死体を買う男-歌野晶午-

死体を買う男 (講談社文庫)

死体を買う男 (講談社文庫)

あれえ…?
さっきまで打ってた感想文が一気に消えました・・・・。
なんで?・・・私なにかしたっけ??…あ理由が分かりました。説明しづらいけど

・・・気を取り直してえーと。

この「死体を買う男」を買うまでに何度か文庫本コーナーをうろつき、買おうか買わないか、次にしようかとかと、早く買えよと思われるかも知れませんが私金欠だったので悩んでまして、でもどこかの文庫本コーナーに行く度目に入っていたので買うことにしたのでした。
読了後、それを思い出して「やっぱり自分にとってイイ本は何度も目につくものなんだv」となんとなく得意になっていた私です。
それくらい良かったです。
ただの双子トリックと思うことなかれ。

他の歌野さんの著物は違うらしいですが、この死体を買う男は江戸川乱歩調の文体で、乱歩好きの私にとって嬉しかったです。すごく読み易かった。
小説には、架空の登場人物として江戸川乱歩萩原朔太郎が登場します。
私は、萩原さんのものは1つも読んだことが無かったので、先入観を付けないためにも読んでおいたほうが良かったなあと思いました(ただこれを読んですごく興味を持ったので今度読みます)。
また、この小説は小説の中の「小説」と「現実」で構成されてあり、その点も複雑です。

↓以下ネタバレ部分は反転文字の為空白、読了した方だけひっくり返して下さい
最初は、乱歩が軽く(?)投身自殺を図りそれを直青年に止められるところで、そこでの乱歩の言い訳が…
これじゃ乱歩がちょっとアホみたいだし、それより前に自殺しようまで追いつめられた人間があんなに簡単に止める訳ないし、自殺願望があるのをナメてるのか(←?)くらいに思って、ダメだこれは乱歩と萩原さんをつかって乱歩調な小説に仕上げただけで
そんな大したことない(通常の2倍くらいの帯をつけるに及ばない)小説なんだ、と早々に決め付けて読んでいました。
まあこういうところが、なんでも私の悪いところなのですが・・・
(ただあそこは、最後まで読んで、あそこで直青年の言う「死にたくないのに死んでしまう人間もいるんですよ」が良く分かって満足です。)
乱歩にああいうことをさせないといけなかったのとかはそのうちよく分かってくることでした。
性格が軟弱なのは萩原さんと対比させて書かなきゃ面白味に欠けるとかでしょうか。うん(?)。
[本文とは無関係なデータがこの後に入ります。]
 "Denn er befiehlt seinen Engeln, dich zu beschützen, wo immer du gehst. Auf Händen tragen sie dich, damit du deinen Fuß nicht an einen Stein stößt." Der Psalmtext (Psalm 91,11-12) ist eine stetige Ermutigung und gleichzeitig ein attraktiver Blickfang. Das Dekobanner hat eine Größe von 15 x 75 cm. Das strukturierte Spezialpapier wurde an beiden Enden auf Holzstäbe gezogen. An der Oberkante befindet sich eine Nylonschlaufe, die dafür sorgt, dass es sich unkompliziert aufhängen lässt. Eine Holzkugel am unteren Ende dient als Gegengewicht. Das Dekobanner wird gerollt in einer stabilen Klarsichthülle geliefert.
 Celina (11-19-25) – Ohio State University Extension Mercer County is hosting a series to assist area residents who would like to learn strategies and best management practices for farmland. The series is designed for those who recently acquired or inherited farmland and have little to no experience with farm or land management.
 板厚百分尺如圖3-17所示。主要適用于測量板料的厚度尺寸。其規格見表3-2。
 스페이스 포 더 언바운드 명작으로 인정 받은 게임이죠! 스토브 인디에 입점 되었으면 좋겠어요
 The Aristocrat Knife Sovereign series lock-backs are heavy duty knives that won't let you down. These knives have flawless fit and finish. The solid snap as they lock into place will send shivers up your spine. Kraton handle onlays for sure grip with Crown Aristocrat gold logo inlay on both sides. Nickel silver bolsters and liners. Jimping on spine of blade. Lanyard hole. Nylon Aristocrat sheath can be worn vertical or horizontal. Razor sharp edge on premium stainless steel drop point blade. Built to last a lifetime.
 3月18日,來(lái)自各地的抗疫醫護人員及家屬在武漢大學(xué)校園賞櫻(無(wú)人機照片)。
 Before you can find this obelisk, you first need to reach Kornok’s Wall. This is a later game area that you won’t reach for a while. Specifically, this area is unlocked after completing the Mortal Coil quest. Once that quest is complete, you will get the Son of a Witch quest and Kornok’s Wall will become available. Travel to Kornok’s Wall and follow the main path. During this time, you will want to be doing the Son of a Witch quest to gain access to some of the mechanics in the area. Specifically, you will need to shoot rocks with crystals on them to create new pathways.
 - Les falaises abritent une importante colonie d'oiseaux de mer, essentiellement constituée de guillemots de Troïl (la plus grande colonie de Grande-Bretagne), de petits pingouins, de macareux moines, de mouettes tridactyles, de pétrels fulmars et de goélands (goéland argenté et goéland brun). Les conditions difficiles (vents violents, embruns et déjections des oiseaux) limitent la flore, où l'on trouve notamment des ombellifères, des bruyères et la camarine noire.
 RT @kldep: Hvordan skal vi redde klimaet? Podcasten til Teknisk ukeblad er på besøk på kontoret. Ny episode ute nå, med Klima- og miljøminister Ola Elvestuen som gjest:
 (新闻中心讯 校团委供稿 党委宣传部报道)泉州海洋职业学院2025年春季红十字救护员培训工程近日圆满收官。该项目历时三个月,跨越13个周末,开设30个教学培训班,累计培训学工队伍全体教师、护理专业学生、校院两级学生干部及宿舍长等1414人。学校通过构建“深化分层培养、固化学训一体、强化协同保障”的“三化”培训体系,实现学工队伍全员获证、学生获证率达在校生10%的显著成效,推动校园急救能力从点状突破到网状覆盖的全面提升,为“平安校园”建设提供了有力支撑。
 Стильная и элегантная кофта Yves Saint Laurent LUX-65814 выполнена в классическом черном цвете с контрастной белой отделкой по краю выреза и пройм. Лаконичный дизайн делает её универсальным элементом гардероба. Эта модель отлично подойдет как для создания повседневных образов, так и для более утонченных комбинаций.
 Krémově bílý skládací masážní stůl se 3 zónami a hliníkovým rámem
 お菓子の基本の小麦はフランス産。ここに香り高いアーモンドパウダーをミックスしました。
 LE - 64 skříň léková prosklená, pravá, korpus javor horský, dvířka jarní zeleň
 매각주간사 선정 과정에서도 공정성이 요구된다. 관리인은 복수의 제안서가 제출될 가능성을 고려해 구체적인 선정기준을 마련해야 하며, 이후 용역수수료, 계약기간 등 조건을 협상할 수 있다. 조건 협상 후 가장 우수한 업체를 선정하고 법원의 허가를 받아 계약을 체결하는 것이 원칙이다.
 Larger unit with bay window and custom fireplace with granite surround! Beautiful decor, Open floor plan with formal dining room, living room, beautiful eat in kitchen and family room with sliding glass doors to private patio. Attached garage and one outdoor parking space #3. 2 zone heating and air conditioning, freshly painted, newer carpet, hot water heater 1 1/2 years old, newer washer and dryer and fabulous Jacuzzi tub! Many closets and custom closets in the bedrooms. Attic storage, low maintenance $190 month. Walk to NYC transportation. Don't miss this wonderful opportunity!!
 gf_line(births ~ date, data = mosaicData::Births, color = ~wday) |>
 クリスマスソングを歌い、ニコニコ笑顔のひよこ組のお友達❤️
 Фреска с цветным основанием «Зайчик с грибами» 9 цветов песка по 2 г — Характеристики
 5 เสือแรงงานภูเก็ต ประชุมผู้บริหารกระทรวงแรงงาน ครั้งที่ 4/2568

その次に「は?」と思ったのが、直青年と思われる人物が自殺してしまった時、その直青年の部屋に行ってみると直青年と顔形のそっくりな人物がいるのを見つけた時の乱歩の反応。
いやいやいやいや。「奇蹟が起きたんだね」は言わないでしょうと苦笑しましたが、あれも物語を盛り上げる為だったんでしょう、全体的には素晴らしいから問題ありませんよね(それにしてもラストを考えるとあの演技も凄かったですね)。

その後は、ただのオマケ程度と思っていた西崎と細見が登場したり、直青年と幼馴染と言う雪枝さんが登場して驚くべき話をしてくれたり、あれはちょっと驚きました。
(ラストを思って考えると、雪枝さんが直さんに告白した時の暗い顔の意味や苦悩がありありと浮かびました)

その少し後、ゴム毬の話が出てきた時に、やっぱり直さんは生きてたんだ、想像通りだったと思い。
そうしていたら死体が発見され、あれえ…??。

ほんとうに、中々決着がつかないところがこの小説の一番面白いところです。
普通のミステリの2,3倍イロイロある気がします。あれはすごい。

あと、220ページの2人の木に話しかけるところがユニークでした。

その後、「鬼」の最初で、どうして直青年が均青年を殺して相手を自分の身代わりとしたのかと乱歩が考えるところがありますが
あれは私にとって不自然で、それは雪枝さんと一緒になるためだけに必要だったと言えば、例えばそれをせず駆け落ちをするにしてもそれなりのリスクはある訳だから、そのくらいはおかしくないんじゃないかなあと思っていました。
でも、そこで不思議に思わなければならない理由がラストで明かされるので、後で納得しました…けどあそこはちょっと不自然な「謎」かも・・・。

西崎の最初に書いた「白骨鬼」のラストで
夢物語でいいのだ。
夢物語でいいのだ。

・・・で終わりますが、あれはなんとも…その後の細見辰時の「ほんとう、過去」と比べての皮肉だったのかと思います。

まさか細見さんが均さんだったとは・・・
うーん。
これを読んでからだと、他のミステリを読んだ時に驚きが少なくなるかも知れない。